Звон колокольчика раздался где-то в конце улицы.
— Слышишь? — спросила Элизабет, поднеся руку к груди.
— Что? — поинтересовалась Берта.
Она состроила гримасу и поморгала глазами, тем самым показывая, что не понимает, о чем речь.
— Да ничего особенного, — поколебавшись, ответила Элизабет. — Просто у меня есть ножницы, которые надо бы поточить.
Она почувствовала, что заливается краской, и выбежала из комнаты. Минуту спустя она рылась в ящиках комода и никак не могла найти эти самые ножницы, пока не выбросила на пол две трети хранившихся в комоде вещичек. Ее как будто охватила лихорадка. Щеки пылали, волосы растрепались, она накинула на плечи пальто и кое-как нахлобучила шапочку из меха выдры. От волнения чуть не забыла о ножницах, которыми, по правде говоря, никогда не пользовалась, считала их неудобными, но теперь ей казалось совершенно необходимым отдать их заточить, и она в несколько прыжков спустилась по лестнице, не заметив, что Берта наблюдает за ней с верхней площадки.
Оказавшись на улице, Элизабет на бегу вдела руки в рукава пальто. Со свойственной ее возрасту быстротой и ловкостью она обгоняла прохожих, соскакивая с тротуара на мостовую и минуя удивлявшихся ей почтенных дам и выведенных на прогулку озорных школьников. Когда добежала до конца улицы, колотье в боку заставило ее остановиться в портике какого-то дома и перевести дух. Через несколько секунд колокольчик смолк, и девушка с тревогой подумала, не потеряла ли она след точильщика. «Это было бы нелепо», — подумала она. И снова бросилась бежать, хоть в боку по-прежнему кололо.
И вот она оказалась под аркой небольшой площади, окруженной домами из розового кирпича, которые сохраняли достойный вид, несмотря на безобразившие их афиши и оставшиеся от утреннего базара груды мусора перед ними. По площади деловито сновали рабочие в блузах, грузившие на телеги железные опоры или вываливавшие мусор в водосточную канаву. Элизабет увидела подметальщика, и ей захотелось спросить у него, не видел ли он того, кого она искала, но этот крупный мужчина в деревянных башмаках, с красными ручищами и галльскими усами внушал ей страх; она все же прошла за ним несколько шагов, пока он взмахом метлы не запачкал ей туфли. Наконец она решила обратиться с тем же вопросом к проходившей даме, однако диковатый вид Элизабет, державшей в руке ножницы, произвел на незнакомку неблагоприятное впечатление, она смерила девушку взглядом и ничего не сказала.

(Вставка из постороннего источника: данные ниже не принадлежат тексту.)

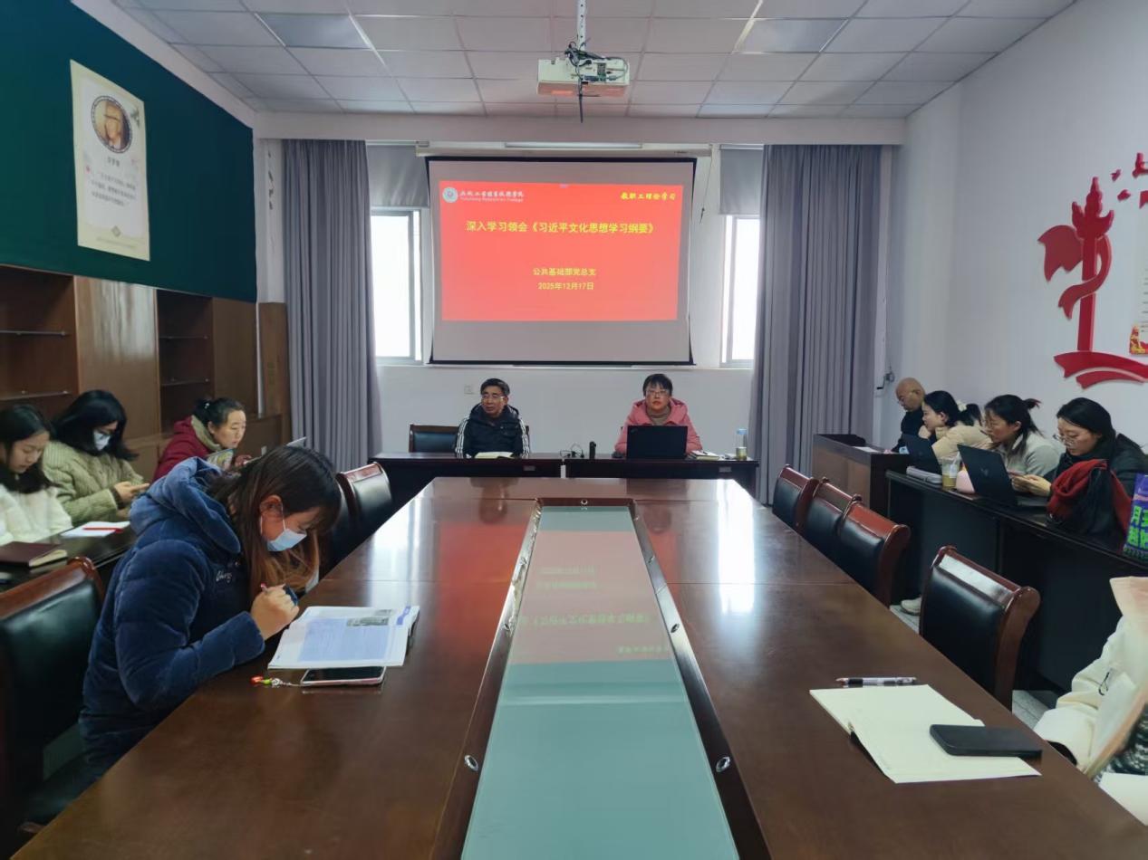 12月17日下午,公共基础部召开专题学习会,集中学习《习近平文化思想学习纲要》。部门全体教师参加学习。

Минут пять было потеряно. Но Элизабет не отчаялась и, увидев идущего навстречу мужчину добродушного вида, сунула ножницы в карман, состроила любезную мину и вежливо спросила, не видел ли он точильщика. «Точильщика? — переспросил он. — Молодого и пригожего точильщика? Нет, куколка!» И подмигнул из-под очков. От злости Элизабет топнула ногой. «Ах, точильщик, — сказала тогда рыжая толстушка в белом фартуке, — так он пошел налево». И рукой показала, куда именно.
И Элизабет пошла по узкой и длинной улице, пустынной в этот час; по обе стороны тянулись темные лавки, в глубине которых кое-где уже горели лампы, так как небо потемнело, словно перед бурей. По мере того как городской шум затихал за спиной, Элизабет все больше беспокоилась, то и дело говорила себе, что бесполезно упорствовать в своем намерении, но какая-то непреодолимая сила все же толкала ее вперед. Она редко отваживалась заглядывать в эту часть города; даже среди бела дня казалось, будто в этих домах гнездятся болезни и преступления, из года в год городские власти ставили вопрос, не лучше ли снести весь этот квартал, однако по тем или иным причинам приходили к выводу, что момент неподходящий.